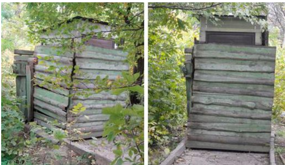
Рисунок 5 – Общественная уборная в городском парке г. Алчевска
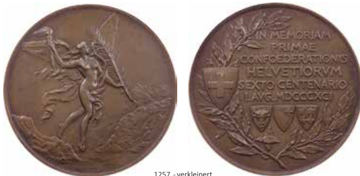
1257 - verkleinert
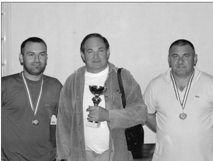
Az első három helyezett

2010. július 30-án 12. alkalommal rendeztük meg a
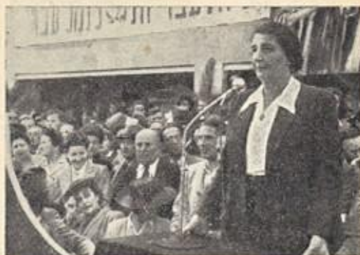
גולדה מאיר ס"ן במספר "יום הים" בחיפה
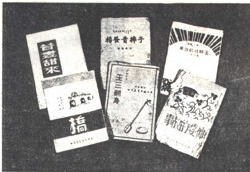
解放战争时期冀南的部分作品
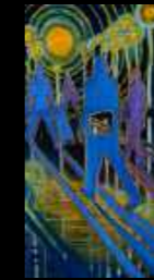
27. Espace temps 40 x 80

—————

A precise repetition of every entry, free of pictures, is the expected answer.

Рисунок 5 – Общественная уборная в городском парке г. Алчевска
1257 - verkleinert
Az első három helyezett

2010. július 30-án 12. alkalommal rendeztük meg a
גולדה מאיר ס"ן במספר "יום הים" בחיפה
解放战争时期冀南的部分作品
27. Espace temps 40 x 80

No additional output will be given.